In 1888 he again opened the flood gates of Imperialism, and secured by means of a treaty with Lobengula the reversion of the native territory north of the Transvaal, at which two European nations were nibbling, and which in his honour received the name of Rhodesia.
He became Premier of the Cape Colony in 1890 by the help of the Dutch vote and from that time gradually sank from the zenith of his success. His good fortune left him when he attained his ambition. The Jameson Raid, for which he was not personally, though he confessed himself morally, responsible, ended his political career. His last good service to the Empire was given during the Matabele rising. He accompanied the troops sent to suppress the rebellion; and when the operations seemed likely to be indefinitely prolonged, he brought it to an end by going fearlessly and almost unattended among the natives, whose confidence he won by meeting them trustfully in council and listening to their grievances.
His physical vitality, always inadequate, was seriously impaired by the strain of the siege. He never fully recovered his strength and he died on March 26, 1902, two months before the Second Boer war was brought to a close by the Vereeniging Treaty.

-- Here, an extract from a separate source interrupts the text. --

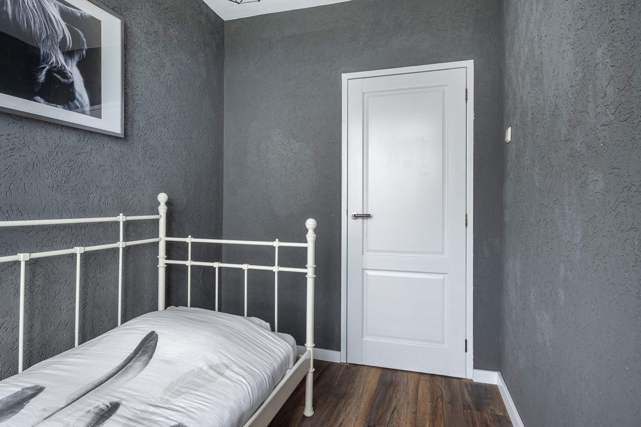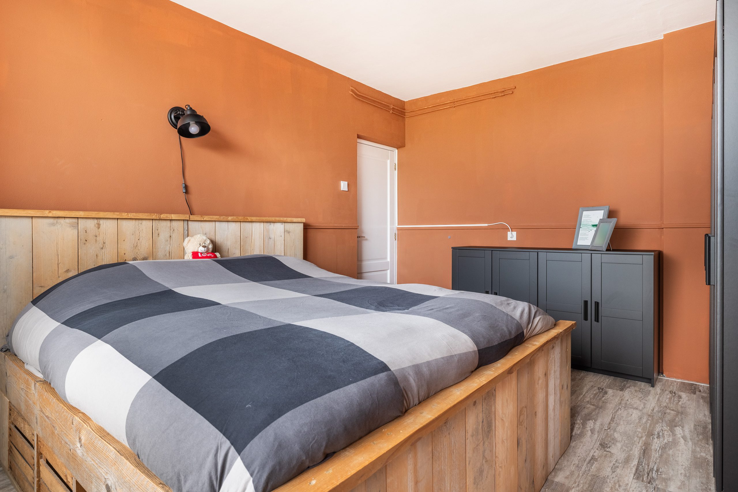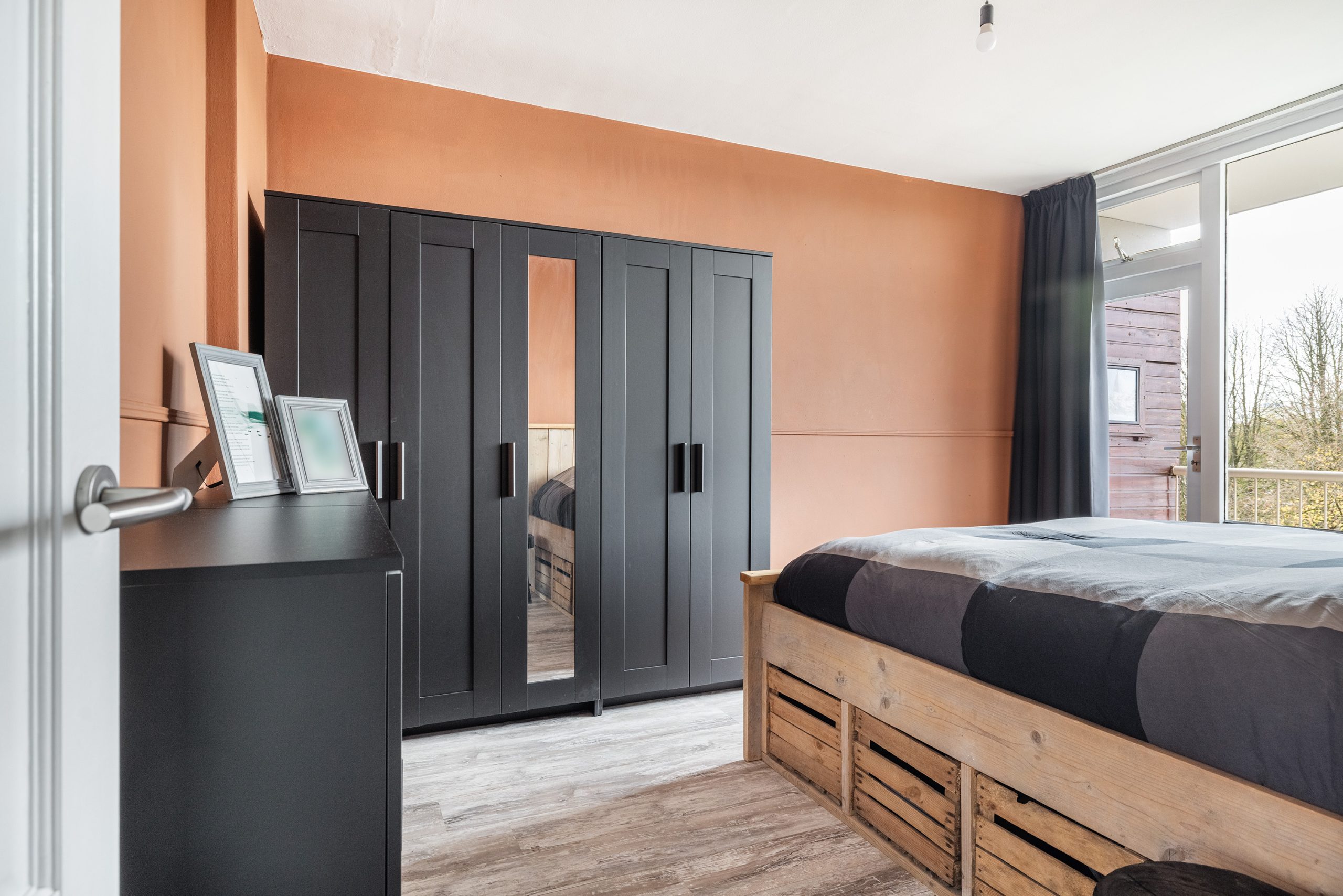 Slaapkamer 2 gelegen aan de voorzijde met stuc wanden en deur naar het pandbrede balkon aan de voorzijde. Op dit balkon is een vaste balkonkast aanwezig.

He was a rich but honest man, and the great wealth which he amassed never led him to attach undue importance to the possession of it. He valued it not for his own advantage, but for its help in advancing his political and imperial schemes. He employed it creditably and without ostentation, and spent none of it in social display in London. By his will he left the greater portion of it to the University of Oxford for the establishment of an amiable if somewhat quixotic system of bringing the various branches of the Anglo-Saxon race into association at a centre of learning and athletics, where they were to be leavened by a Teutonic admixture.
The vision of posthumous reputation allured him, and he delighted in the hope that the name of his own Rhodesia, like the cities which still bear the name of Alexander, would be on the lips of men of generations as far distant from his own as his own was from the days of the Great Macedonian.